So it’s January again. It seems, dear reader, to have come round a bit quick, but the calendar never lies. Actually that’s rubbish. My calendar says it’s 2010, so can’t really be trusted for anything very much at all anymore. But, depsite my calendar’s confident assertion that it is eternally December 2010, it is, quite clearly, January all over again, and time to do the whole resolution thing once more with feeling.
To get me in the mood for this I had a little lookie back here to see what I’d resolved last year. I won’t lie. It was a tad disheartening, because basically I’m going to be resolving all the same stuff again. I still need to lose weight, about half a stone less than I needed to lose at the start of last year, but the bigger picture is still rather unhealthily hefty. I still need to focus more on writing, and I still need to get over my utter phobia of being in control of a moving automobile.
Now that realisation might give the impression that 2012 was not a successful year. That would not be true at all. 2012 was great. I went to the Paralympics. I gained a very gorgeous niece. I went to Venice (and Venice is, in my humble opinion, amongst the very best of the good places on the planet). I won a short story competition which earned me a year’s guardianship of a little cup. I saw a panda in Edinburgh Zoo on my 10th wedding anniversary. I joined a tiny little writer’s critique group all of whom say fabulously useful things, and frequently offer me cake. I spent time doing things with people I like.
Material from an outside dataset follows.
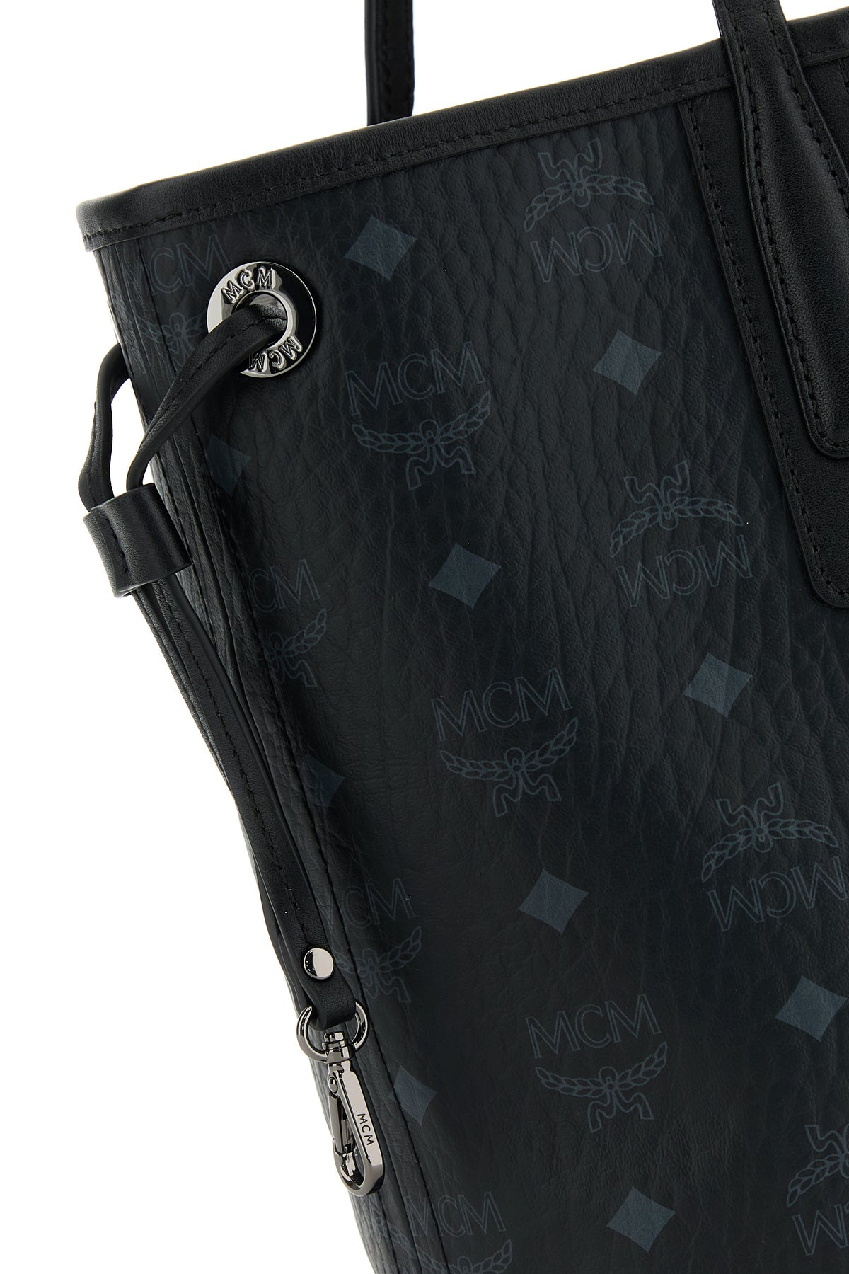 Shopping bag realized in coated canvas characterized by Visetos print on the entire surface enriched by logoed metal plate at the front.

It wasn’t a year into which no rain fell. My incredible, irrepressible grandmother died at the age of 97 in June. I was poorly for a slightly disappointing proportion of it (rather inconveniently I seem to have developed IBS). And, as we’ve already noted, I didn’t really achieve my stated goals for the year at all.
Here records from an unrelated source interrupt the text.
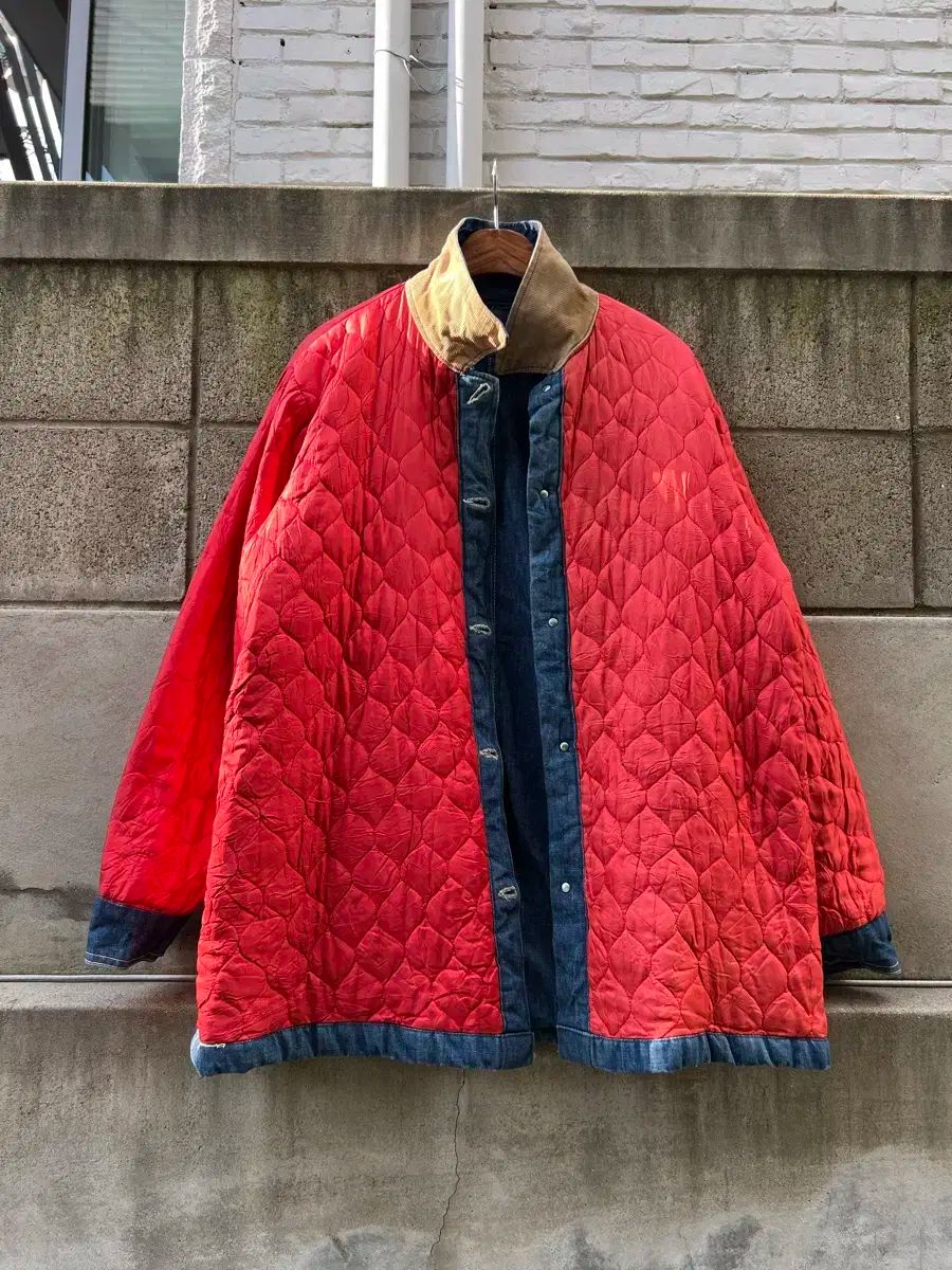 デニム生地と赤いキルトの裏地が特徴です。
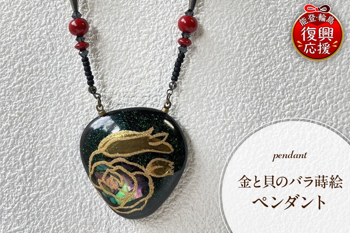 まるで星をちりばめたような輝きのベースに大胆に金の板と貝でバラ蒔絵を施しています。
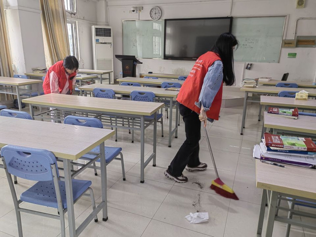 活动当日的中午12点,志愿者们换上统一的工作服,手握着扫把、拖把等清扫工具,每个人都充满着活力和热情。在志服团负责人的安排协调下,志愿者们分成数个小组,有序地进入各个教室,开始了自己的清扫工作。
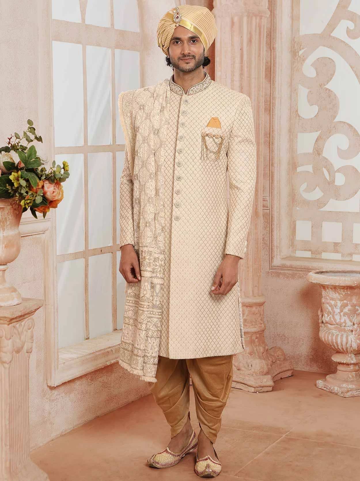 Be in the spotlight dressed in this fabulous Cream Colour Brocade Fabric Mens Sherwani With Matching Patiala Style Bottom And Zari,Thread,Hand Work.
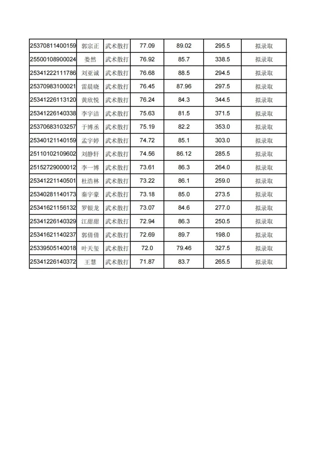 2025年武术与民族传统体育专业拟录取名单公示

So maybe that should tell me that resolutions really are a waste of time. Maybe I should stop aiming for things I’m probably not going to achieve, and concentrate on enjoying whatever comes my way. Well, partly. The “enjoying whatever comes my way” sounds good, but I still think the resolutions are worthwhile too. Because, somehow, I absolutely believe that this year will be different. This year I will do better. I think it’s good to believe that – it makes us keep trying. I don’t really do bumper-sticker wisdom. The cute sayings and affirmations that people post on their facebook statuses leave me befuddled, but here’s one I do believe. I believe that it is, pretty much always, better to try and fail, than not to try.
So in a spirit of trying, and embracing the risk of failing, here are my resolutions for 2013:
1. Lose weight – 3 stone 10lb to be precise. And keep it off.
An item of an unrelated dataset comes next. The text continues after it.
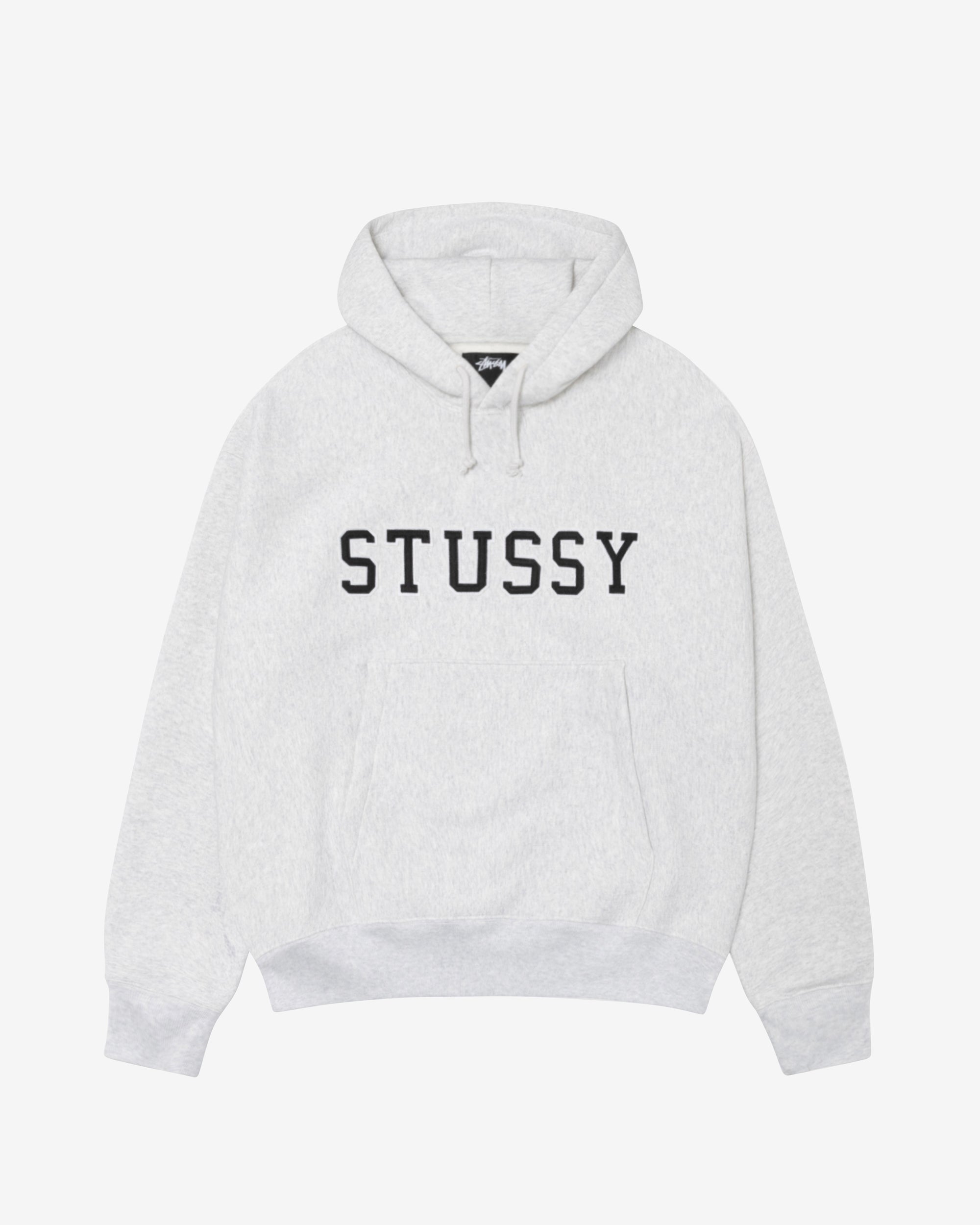 Boxy fit fleece hoodieHeavyweight 495gsm cotton blendCrossover hood with cotton drawcordStüssy logo in felt applique across frontKangaroo pocketSlim rib at cuffs and hem (1.5" / 3.8cm)
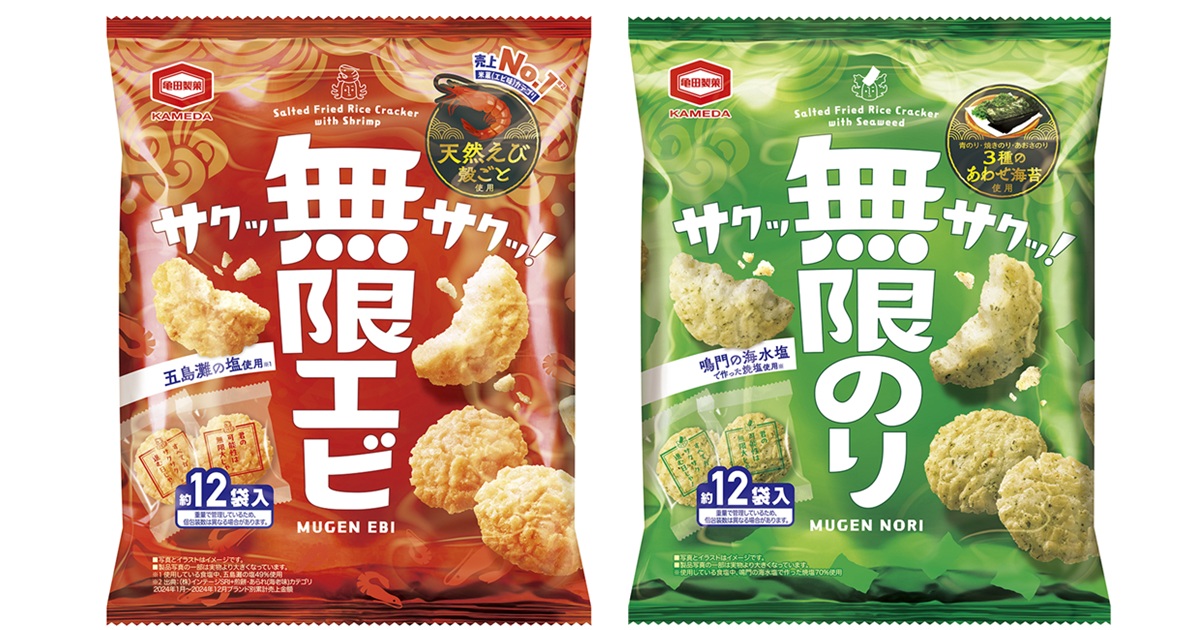 2021年2月に発売を開始し、発売後1週間で100万袋を達成した『無限エビ』。その2年後、2023年2月には『無限のり』を発売し、わずか2日間で100万袋を突破しました。無限シリーズは食べだしたら止まらないおいしさで、親子層を中心にご好評いただいています。今回、サクサクとした軽やかな食感はそのままに、素材の風味をより感じられるよう品質を磨き上げました。

2. Finish writing a second novel, start a third, and submit a competition short story at least once per month.
3. Get over the driving phobia.
4. Get back to blogging every(ish) week. On that note – the all new blog day for 2013 is Wednesday. Mark it on your (possibly decades out of date) calendars – Wednesday. Wednesday. Wednesday.
You never know – this might be the year I stick to all my resolutions. And if not, I’m sure the failing will bring it’s own joys along with it. See y’all back here for a review in 2014?